Yang mana, surat kuasa tersebut menjelaskan dan mewakili kepentingan penggugat di muka lembaga hukum yang berwenang, yakni pengadilan. Proses selanjutnya, pihak Kepaniteraan akan memeriksa laporan lengkap dengan bukti-bukti yang diberikan.
Proses pencatatan registrasi tersebut bisa memakan waktu selambat-lambatnya tujuh hari sejak pengajuan. Apabila gugatan telah terdaftar kemudian memperoleh nomor register perkara, jadwal sidang bakal ditentukan oleh pengadilan.
Selain itu, pengadilan juga bakal memanggil pihak-pihak terkait dalam hal ini. Mulai dari penggugat, terlapor, dan beberapa pihak lain yang dibutuhkan untuk menyelesaikan kasus sebagaimana dilaporkan.
Jenis-Jenis Kedudukan Gugat dalam Tatanan Hukum Indonesia
Sebagai informasi, selain kasus di atas, terdapat beberapa jenis hukum yang bisa mendapatkan kedudukan gugat. Di antaranya adalah sebagai berikut.
- Hukum Mahkamah Konstitusi
Dalam Undang-Undang Nomor 24 Tahun 2003 Pasal 51 Ayat 1 dijelaskan mengenai masyarakat yang berhak menggugat Mahkamah Konstitusi. Pertama, hak dan kewenangan yang diberikan sesuai dengan regulasi dalam Undang-Undang Dasar 1945.
Kedua, masyarakat yang mendapatkan hak merupakan orang yang dirugikan oleh berlakunya aturan yang ditetapkan Mahkamah Konstitusi. Dalam hal ini, masyarakat yang dimaksud bisa merupakan perorangan ataupun sekelompok orang dengan kepentingan serupa.
Bisa juga merupakan kelompok masyarakat hukum adat selama masih hidup dan sesuai dengan perkembangan serta prinsip NKRI dalam Undang-Undang. Selain itu, badan hukum yang bersifat publik maupun privat dan lembaga negara juga termasuk sebagai masyarakat di poin kedua.

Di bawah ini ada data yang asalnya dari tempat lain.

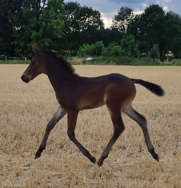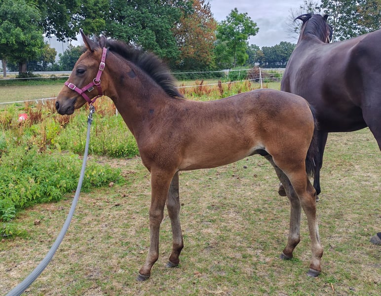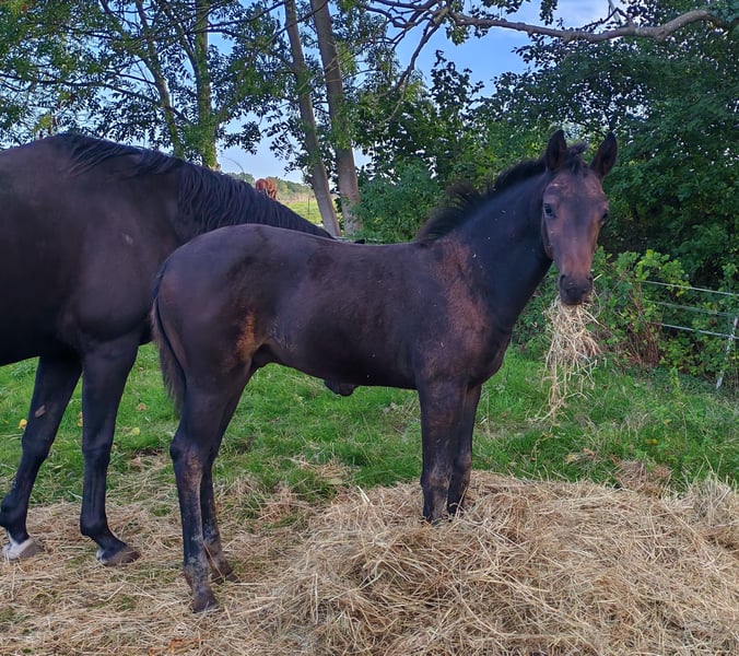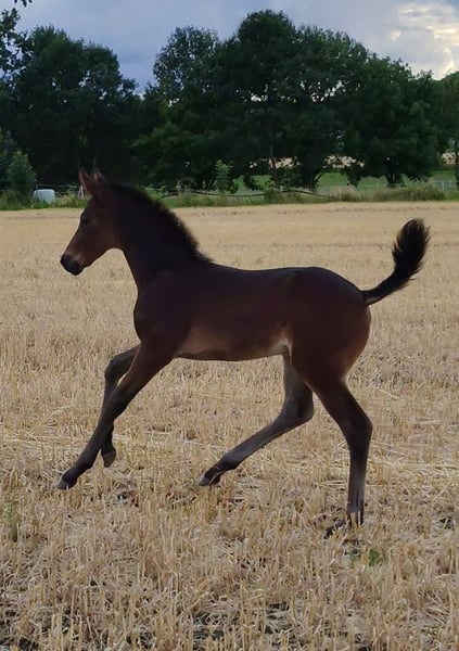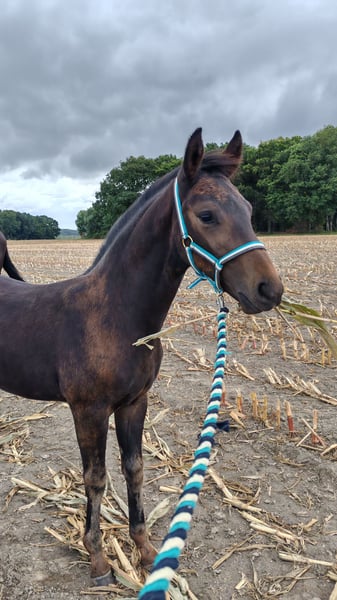 **Verkaufsanzeige: Traumhafter Westfalen Hengst** Wir bieten einen vielversprechenden Westfalen Hengst zum Verkauf. **Merkmale:** - **Rasse:** Westfale - **Geschlecht:** Hengst - **Geburtsjahr:** 2025 - **Farbe:** Dunkelbraun - **Eignung:** Dressur Dieser junge Hengst überzeugt durch sein charmantes Wesen und sein Potenzial im Dressur sowie Springsport. Mit seiner eleganten Bewegung und seiner Lernbereitschaft eignet er sich hervorragend für ambitionierte Reiter, die mit ihm gemeinsam in den Sport einsteigen möchten. Eduardt ist im Umgang unkompliziert. Trotz seines jungen Alters kann er vor der Box angebunden werden und es können die Hufe ohne Probleme ausgekratzt werden. Er ist gegenüber Kindern aufgeschlossen und freut sich über jede Streicheleinheit. Spaziergänge mit seiner Mutter funktionieren mit Halfter und Strick. Alleine kann man ihn eine runde über den Hof führen. Der Vater Eckhardt hat Dressurpferde L gewonnen und ist M* Dressur platziert. Im Springen ist Eckhardt A** platziert. Die Mutter ist in A* Dressur und A* Springen platziert. Außerdem ist die Geländereiter WB platziert. Bei Interesse oder für weitere Informationen stehen wir Ihnen gerne zur Verfügung. Überzeugen Sie sich selbst von diesem tollen Pferd!
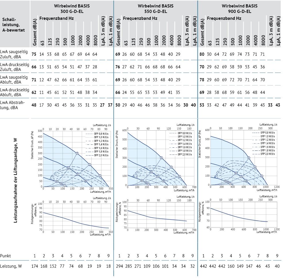| Effizienz der Wärmerückgewinnung | % | 72–90 | 78–90 | 75–88 |
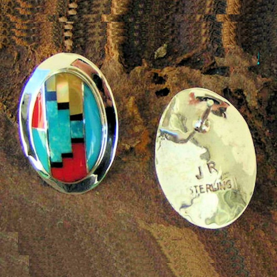 Zuni Sterlingsilver Earrings with semi-precious stones Inlay.Active filters
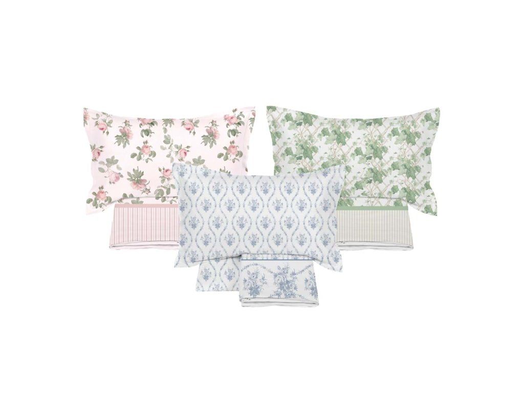 größe des Kissens: 250 × 240 cm - Größe des Kissens: 2 × 50 × 80 cm - Material: 100% Baumwolle - Muster: grüne Efeublätter und Streifen - Stil: romantisch / französisches Landleben - Verwendung: Schlafzimmer - Kollektion: EDERA ROSE - Hersteller: Blanc Mariclò
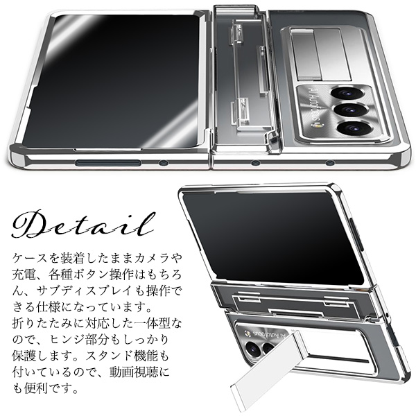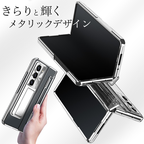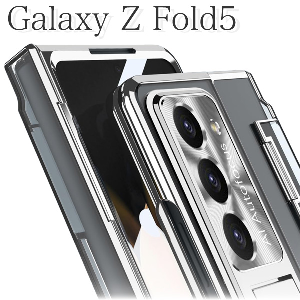 <スマホケース>Galaxy Z Fold5 SC-55D/SCG22用ヒンジ保護付きメタリックバンパーハードクリアケース

Ketiga, unsur kerugian sebagaimana dimaksud telah aktual dan bukan sesuatu yang masih dikatakan potensial. Keempat, diperlukan adanya kausalitas atau hubungan sebab akibat yang benar-benar jelas antara dua hal. Yakni, aturan yang digugat dan kerugian yang dialami oleh penggugat. - Hukum Lingkungan
Mengenai Hukum Lingkungan, proses gugatan jenis ini biasa disebut dengan Hak Gugat Organisasi Lingkungan Hidup. Dalam Undang-Undang Nomor 32 Tahun 2009 Pasal 92 menyatakan beberapa poin berikut.
Pertama, organisasi lingkungan hidup berhak mengajukan tuntutan demi kepentingan pelestarian fungsi lingkungan hidup. Kedua, gugatan terbatas pada tuntutan untuk melakukan tindakan tertentu sebagai hukuman atas kerugian yang dialami, tidak termasuk ganti rugi.
Ketiga, penggugat memenuhi syarat untuk mengajukan tuntutan, di antaranya (a) organisasi berbentuk badan hukum. Kemudian, (b) mempunyai anggaran dasar bahwa tujuan didirikannya adalah untuk kepentingan pelestarian fungsinya.
Terakhir, (c) organisasi telah melakukan anggaran dasar sebagaimana dimaksud setidaknya 2 tahun sejak organisasi didirikan. - Hukum Perlindungan Konsumen
Selain mengenai Hukum Mahkamah Konstitusi, Undang-Undang Nomor 24 Tahun 2003 juga mengatur mengenai Hukum Perlindungan Konsumen. Dalam Pasal 46 Ayat 1 Huruf C, disebutkan orang-orang yang berhak mengajukan gugatan melalui Lembaga Perlindungan Konsumen Swadaya Masyarakat.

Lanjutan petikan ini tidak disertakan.